/---

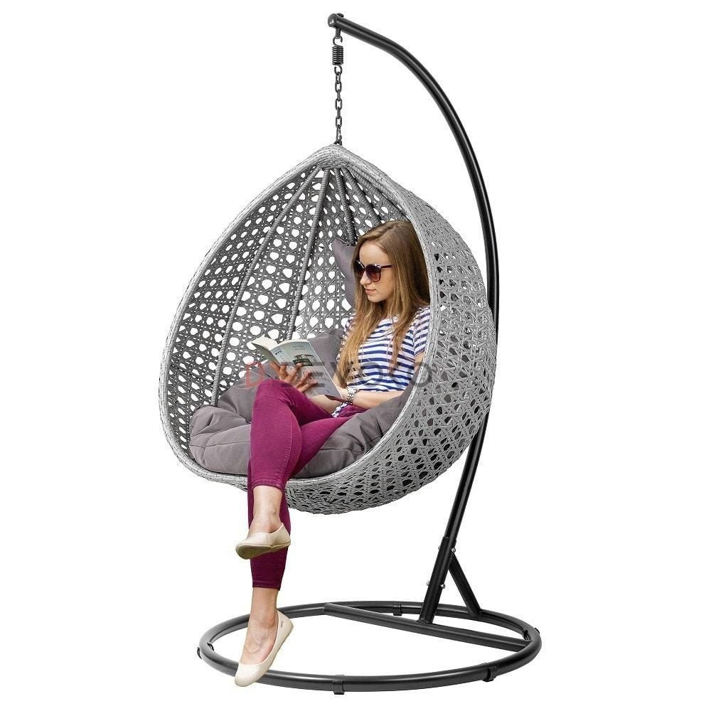 - Easy Assembly : Swing chair requires simple assembly; hardware is included; Comes with headrest pillow, seat cushion, and hanging chair with stand.
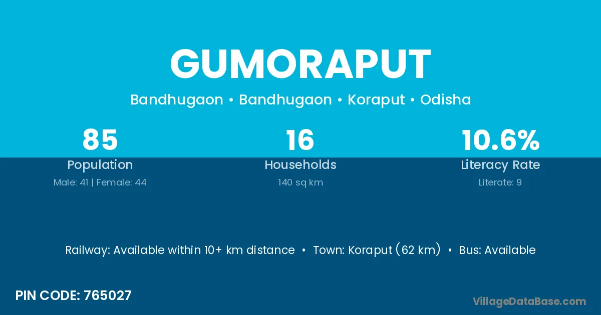 Koraput (62 km) is the nearest town to Gumoraput village for major economic activities and is located approximately 62 km away.
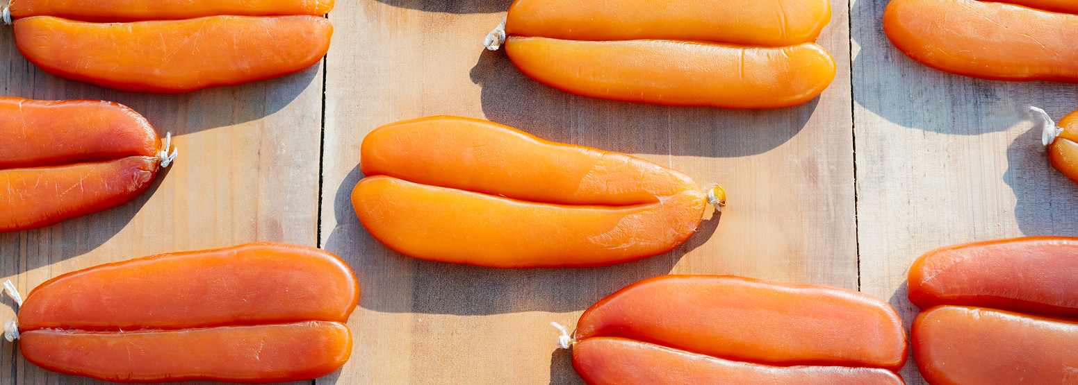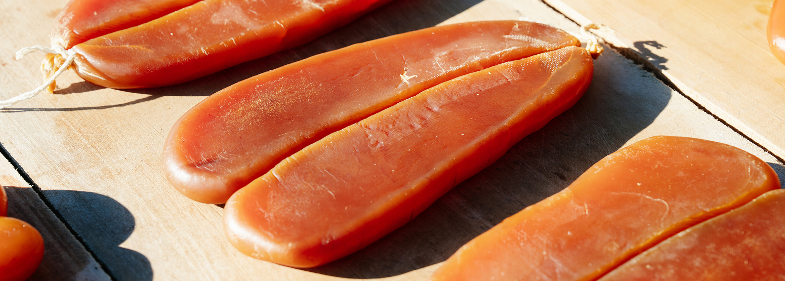 來自友善漁船的野生烏魚子,遵循自然漁汛與季節節律採捕,每一片都厚實飽滿、風味純粹;

\---

→ Task goal:
Would you copy the lines from the one holding "Koraput (62 km)" down to the last line of the material, both included, exactly and with nothing added, skipping the pictures?

→ Answer to this task:
 Koraput (62 km) is the nearest town to Gumoraput village for major economic activities and is located approximately 62 km away.
 來自友善漁船的野生烏魚子,遵循自然漁汛與季節節律採捕,每一片都厚實飽滿、風味純粹;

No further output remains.